§ Available data:
* * * *

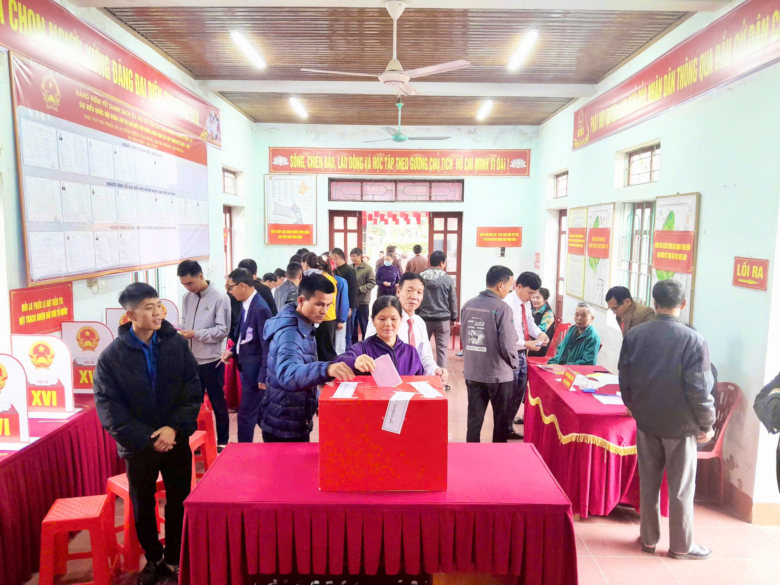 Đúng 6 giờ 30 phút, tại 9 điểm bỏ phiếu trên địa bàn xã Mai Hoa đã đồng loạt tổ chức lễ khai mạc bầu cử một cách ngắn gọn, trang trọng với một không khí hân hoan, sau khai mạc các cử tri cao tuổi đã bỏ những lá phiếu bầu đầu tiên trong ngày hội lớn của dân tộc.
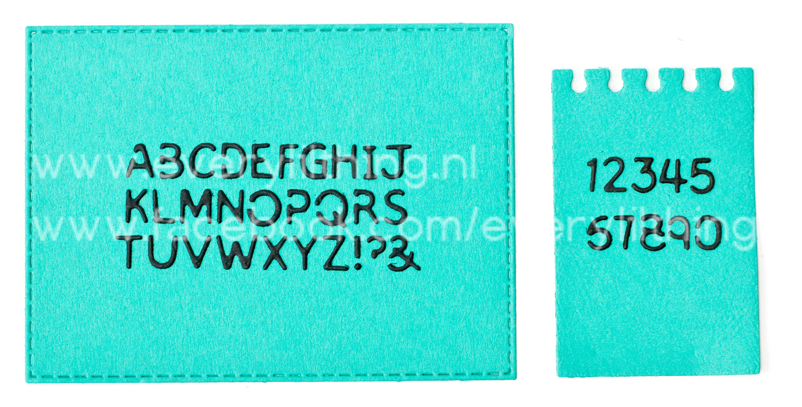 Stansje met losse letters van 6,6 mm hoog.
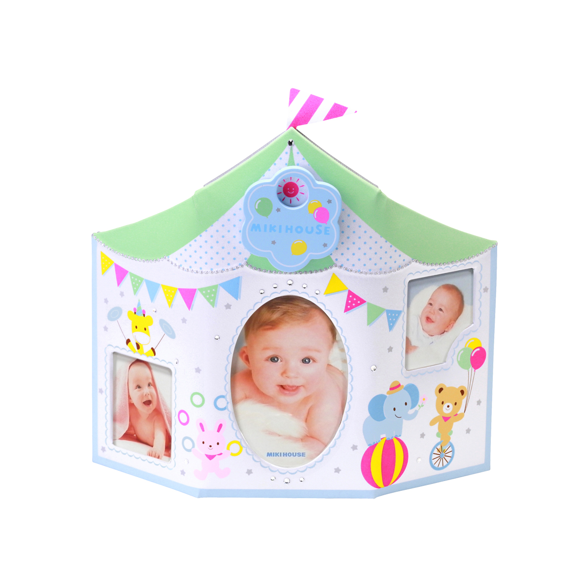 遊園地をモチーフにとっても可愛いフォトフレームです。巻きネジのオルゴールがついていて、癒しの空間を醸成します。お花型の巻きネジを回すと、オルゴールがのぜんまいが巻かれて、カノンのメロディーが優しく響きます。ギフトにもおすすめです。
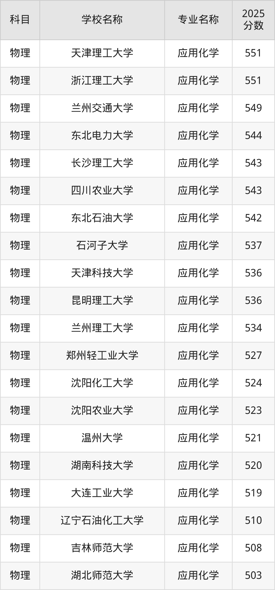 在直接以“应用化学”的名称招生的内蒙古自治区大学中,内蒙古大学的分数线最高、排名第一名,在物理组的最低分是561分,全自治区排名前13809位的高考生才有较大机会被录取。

* * * *

§ Exercise: Produce the material above again in full, with identical lines and no pictures.

§ Reply to the task:
 Đúng 6 giờ 30 phút, tại 9 điểm bỏ phiếu trên địa bàn xã Mai Hoa đã đồng loạt tổ chức lễ khai mạc bầu cử một cách ngắn gọn, trang trọng với một không khí hân hoan, sau khai mạc các cử tri cao tuổi đã bỏ những lá phiếu bầu đầu tiên trong ngày hội lớn của dân tộc.
 Stansje met losse letters van 6,6 mm hoog.
 遊園地をモチーフにとっても可愛いフォトフレームです。巻きネジのオルゴールがついていて、癒しの空間を醸成します。お花型の巻きネジを回すと、オルゴールがのぜんまいが巻かれて、カノンのメロディーが優しく響きます。ギフトにもおすすめです。
 在直接以“应用化学”的名称招生的内蒙古自治区大学中,内蒙古大学的分数线最高、排名第一名,在物理组的最低分是561分,全自治区排名前13809位的高考生才有较大机会被录取。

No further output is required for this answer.